1: A farm’s profit is given by π = 100x + 80y + 2xy− x(square) − 2y(square) − 5000, where x is the number of turkeys produced and ( is the number of beef cattle produced.
How many of each should be produced to maximise the profit?
Prove that profit is indeed maximised at this level of production?
What is the maximum profit?

2: A consumer’s utility function is given by U(x,y) = xy ( with the budgetary constraint 5x + 10y = 100.

Find the values of x and y ( that maximise the utility function, subject to the budgetary constraint.
What is the value of the Lagrange multiplier λ?

Hello, and welcome to MHB! (Wave)

I changed the thread title to reflect the nature of the questions being asked. A thread title simply stating help is urgently requested is not useful to the community, nor is it good for SEO. :)

We ask that our users show their progress (work thus far or thoughts on how to begin) when posting questions.

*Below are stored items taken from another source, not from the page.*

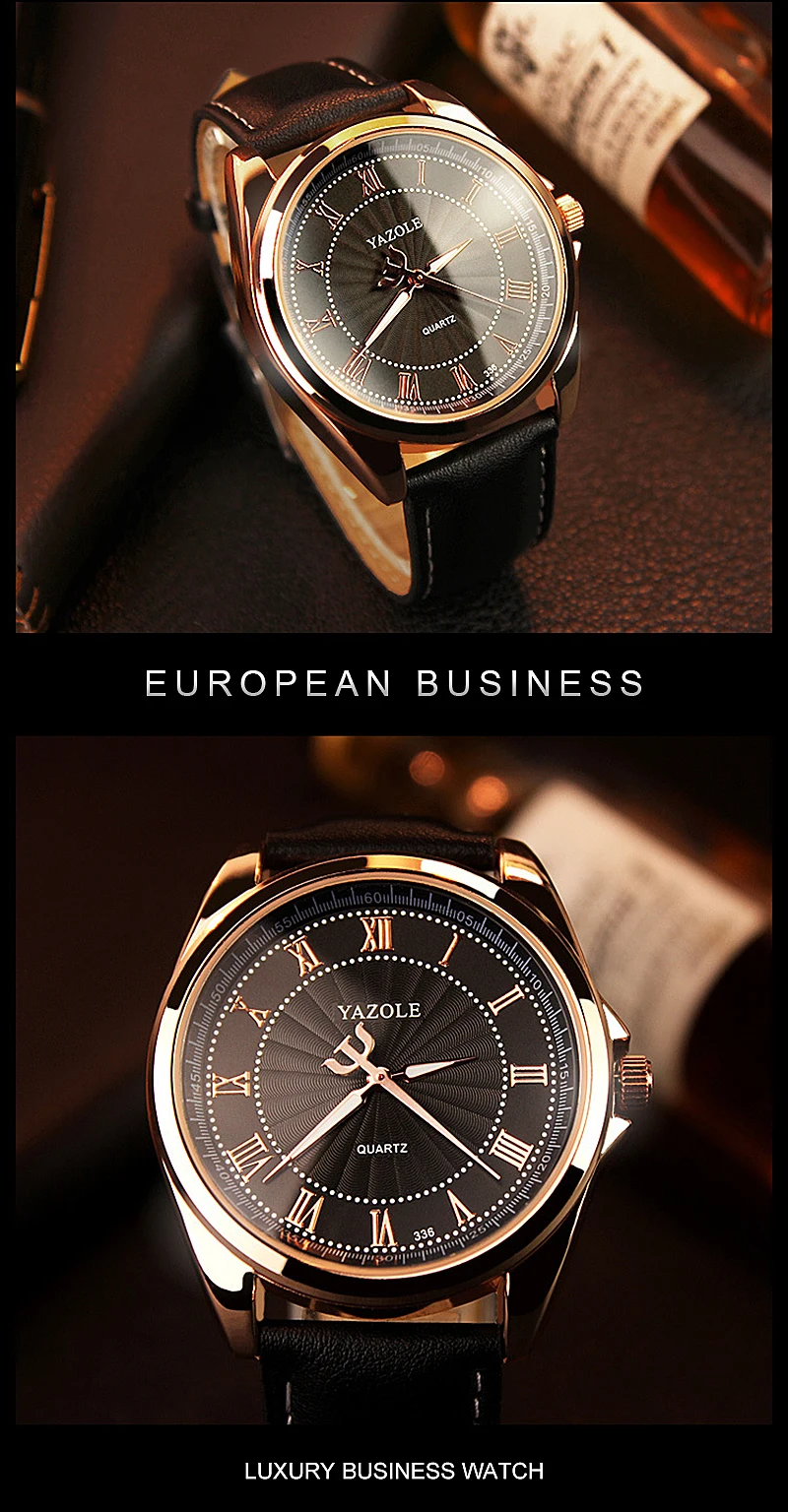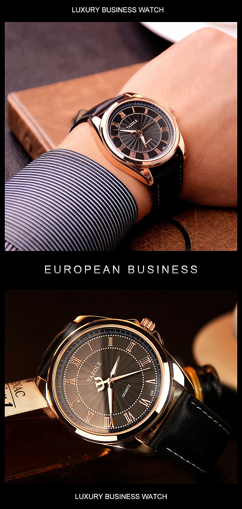 YAZOLE 336 мужские часы деловой моды кожаный ремешок кварцевые мужс...
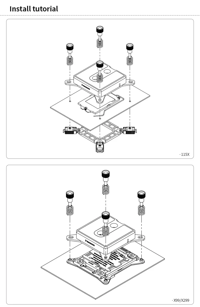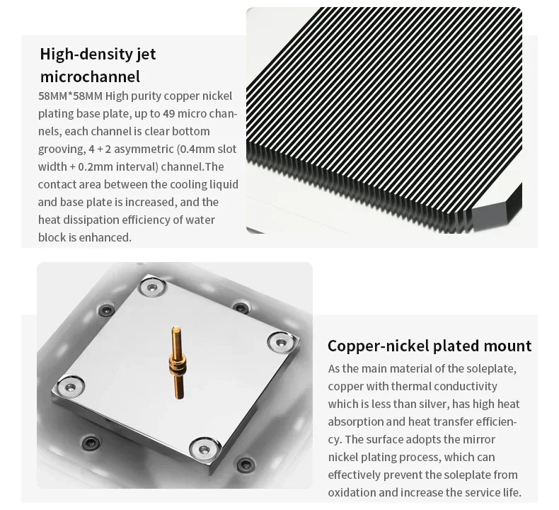 4.Al instalar, preste atención a la posición de entrada y salida de los bloques de agua, los errores en la instalación afectarán la eficiencia de disipación de calor;
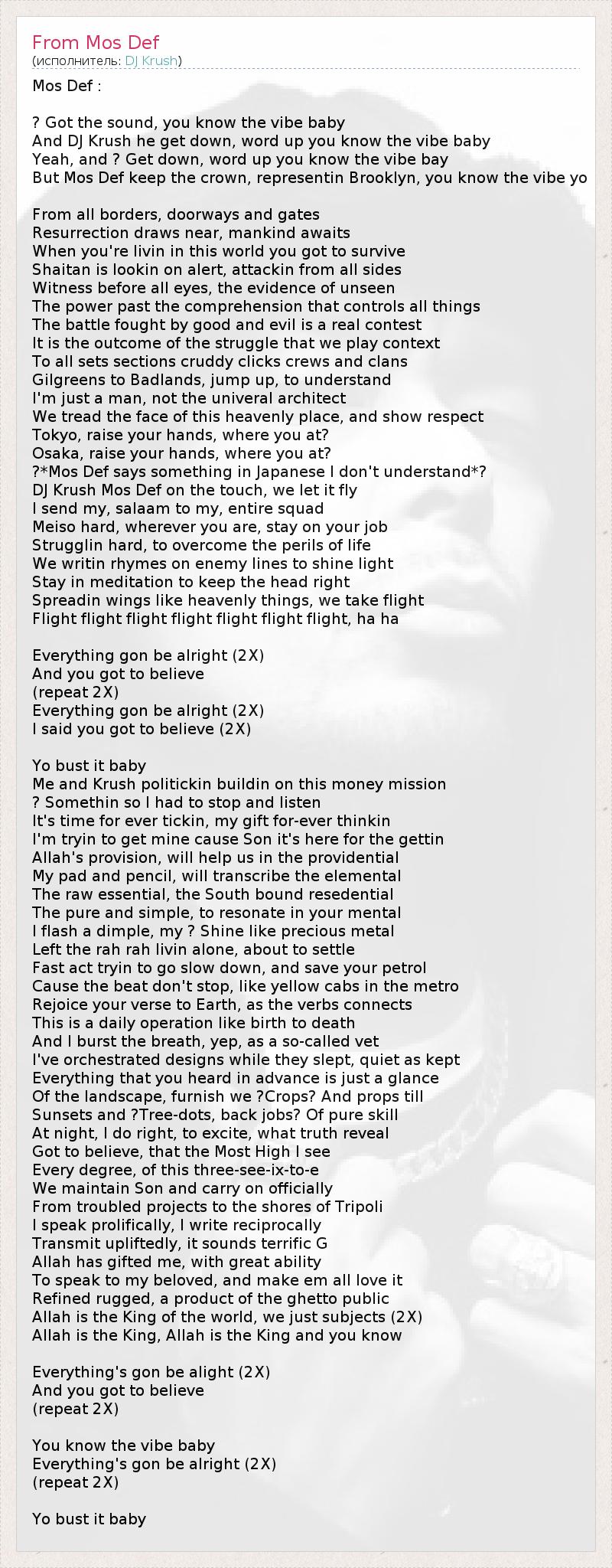 А как ты думаешь, о чем песня "From Mos Def" ?
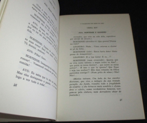 Farsa em 3 actos. Peça inspirada nos romances de cordel que os mendigos vendiam nas feiras e romarias, “O Vagabundo das Mãos de Oiro” é uma farsa toda ela caricatura, cor e poesia ingénua. Das onze figuras que nela entram, apenas duas são figuras humanas (Mestre Albino e Zé Guia). As outras, são bonecos de trapos e serradura movidos por cordéis…
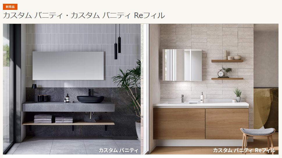 4月からの新商品情報です。 カスタムバニティに種類が増えたのですが、 今まで選択肢が少なかった間口調整できる洗面台。 特にマンション現場では、壁と壁に合わせた間口で微妙な寸法を刻んでいることが多いです。

This way our helpers can see where you are stuck or may be going astray and will be able to post the best help possible without potentially making a suggestion which you have already tried, which would waste your time and that of the helper.

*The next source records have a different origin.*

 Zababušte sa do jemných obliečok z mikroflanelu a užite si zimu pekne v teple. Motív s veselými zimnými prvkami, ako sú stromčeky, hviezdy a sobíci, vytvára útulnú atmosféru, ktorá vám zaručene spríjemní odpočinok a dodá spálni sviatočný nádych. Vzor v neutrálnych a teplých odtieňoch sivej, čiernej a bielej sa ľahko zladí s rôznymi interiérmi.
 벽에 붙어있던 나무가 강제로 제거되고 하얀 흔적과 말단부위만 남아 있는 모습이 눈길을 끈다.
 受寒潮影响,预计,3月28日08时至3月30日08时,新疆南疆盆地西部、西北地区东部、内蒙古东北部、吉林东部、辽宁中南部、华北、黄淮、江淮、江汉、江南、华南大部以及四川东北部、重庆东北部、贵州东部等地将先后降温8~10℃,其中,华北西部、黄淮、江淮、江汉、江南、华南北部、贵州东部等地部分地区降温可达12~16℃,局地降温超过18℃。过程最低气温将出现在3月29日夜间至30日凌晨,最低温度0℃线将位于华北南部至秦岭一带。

Can you post what you have done so far?

I have just entered into Economics course and I am going nowhere, I am unable to understand it. I need your complete help step by step in solving these questions.

mrjericho1991 said:
I have just entered into Economics course and I am going nowhere, I am unable to understand it. I need your complete help step by step in solving these questions.

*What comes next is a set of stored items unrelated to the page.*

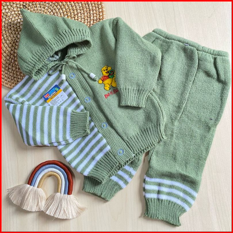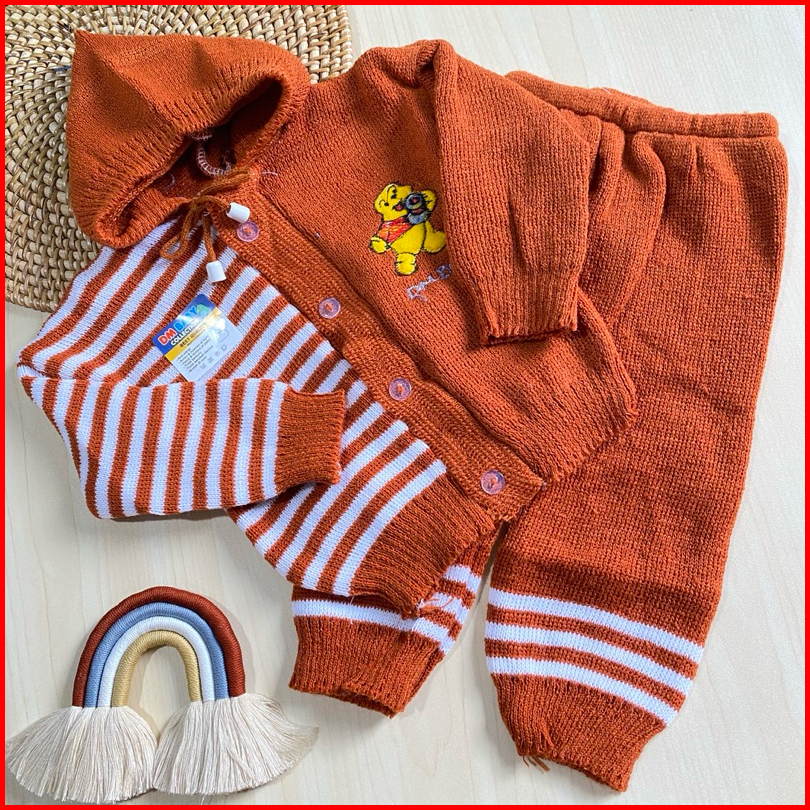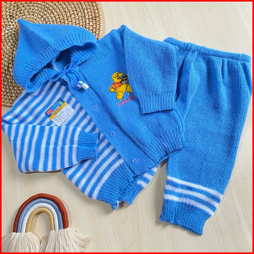 Setelan Rajut Belah Salur 0-6 Bulan Max Bb 7 Kg Sweater Bayi Rajut Newborn Bulan Setelan Jaket Celana Bayi Dm Baby
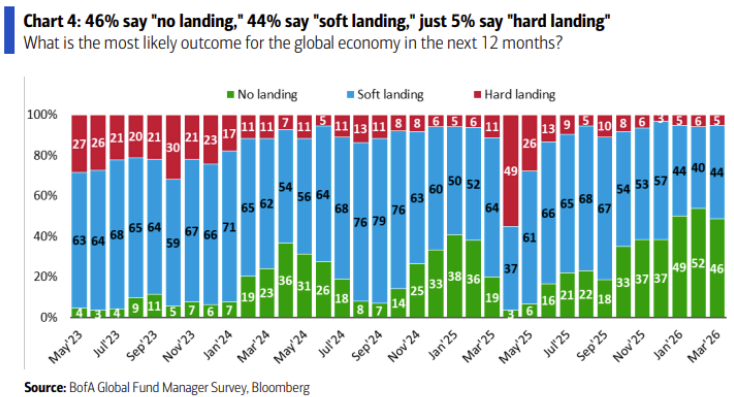 향후 12개월 내 글로벌 경기침체가 올 것이냐는 질문에 여전히 기관 투자자들은 압도적으로 긍정적입니다. 전월에 비해서는 no landing의 비중이 소폭 감소한 정도죠.
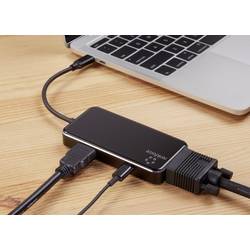 Malá kovová dokovací USB-C stanice, k níž lze přes HDMI nebo VGA port jednoduše připojit externí monitor nebo projektor. Připojte jednoduše svůj notebook nebo tablet (není třeba instalovat žádné ovladače) a využijte výhod rychlých USB připojení.
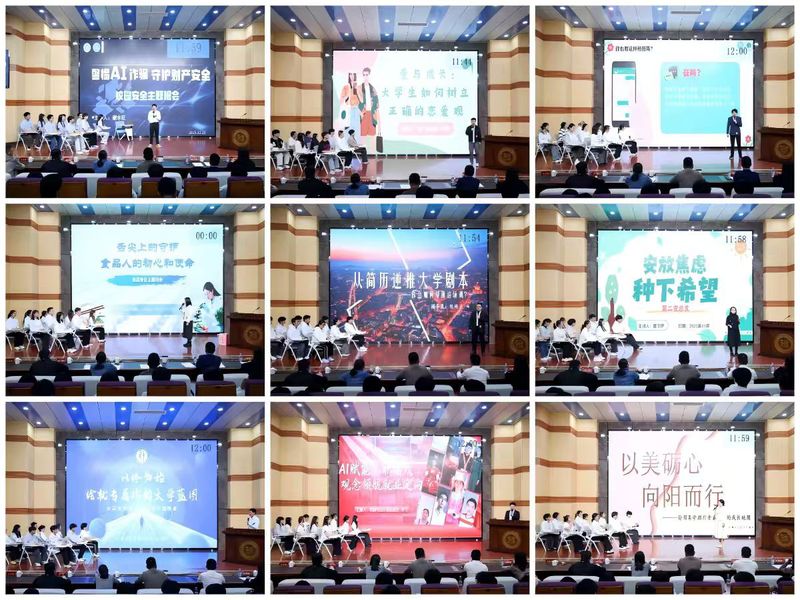 紧扣时代脉搏,回应学生关切。决赛中,辅导员们围绕“AI诈骗”“树立正确恋爱观”“克服精神内耗”“职业生涯规划”“AI求职”“美育涵养”等一系列社会热点与学生成长痛点,精心设计班会主题。在限时12分钟的展示环节里,他们或创设真实情境,生动演绎生活实际;或剖析身边案例,引发深度情感共鸣;或组织互动问答、引导小组讨论,在思辨中深化理论认知……丰富充实的内容、新颖多样的形式、富有感染力的表达,将思想引领和价值塑造巧妙融入班会全过程,不仅展现了辅导员们扎实的业务功底和独特的个人魅力,更让思政教育真正触达心灵,赢得了现场观众的阵阵掌声。
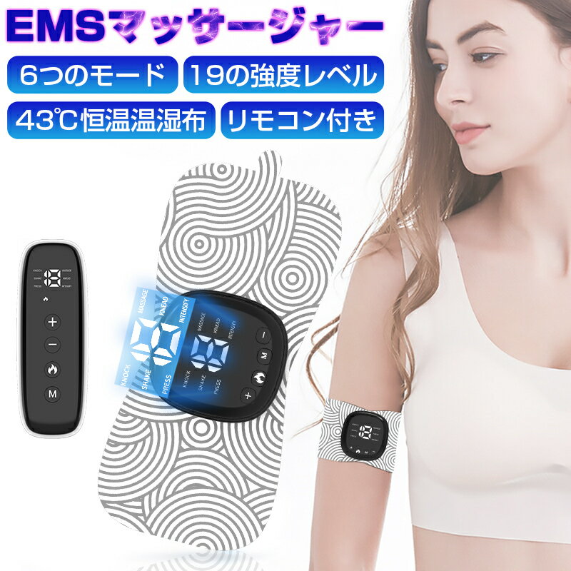 EMSマッサージパッド EMSパルス スポーツ フィットネス 腹筋ベルト ダイエットグッズ 6つのEMSモード 1つの温湿布モード 19の強度レベル 43℃定温温湿布 貼るだけ リモコン付き 日本語取扱説明書付き ゆうパケット 送料無料

Okay, let's look at the first problem. Let's write the profit function as:

$$\displaystyle P(x,y)=100x+80y+2xy-x^2-2y^2-5000$$

We need to set the partial derivatives $P_x(x,y),\,P_y(x,y)$ equal to zero...can you do that?

Not really Sir. I don't want to lie. I want you to solve the question and mention your steps side by side in English. Please assume, I know nothing. Its my first class.

mrjericho1991 said:
Not really Sir. I don't want to lie. I want you to solve the question and mention your steps side by side in English. Please assume, I know nothing. Its my first class.

What methods are you given in your lecture notes and/or textbook for maximizing multi-variable functions?

MarkFL said:
What methods are you given in your lecture notes and/or textbook for maximizing multi-variable functions?

Maxima and Minima of Functions of Two Variables

- - - Updated - - -

Something like critical point, second order derivatives test is also mentioned in here.

mrjericho1991 said:
Maxima and Minima of Functions of Two Variables
- - - Updated - - -
Something like critical point, second order derivatives test is also mentioned in here.

Yes, how have you been instructed to optimize such functions (with and without constraint)?

In order to find the critical point(s) without constraint, you need to equate the first partials to zero...do you know how to find partial derivatives?

without constraint. Yes I know but tell me what values do I need to input for partial derivatives?

You don't 'input' values- you set the formulas equal to 0 and solve the equations for x and y.

mrjericho1991 said:
without constraint. Yes I know but tell me what values do I need to input for partial derivatives?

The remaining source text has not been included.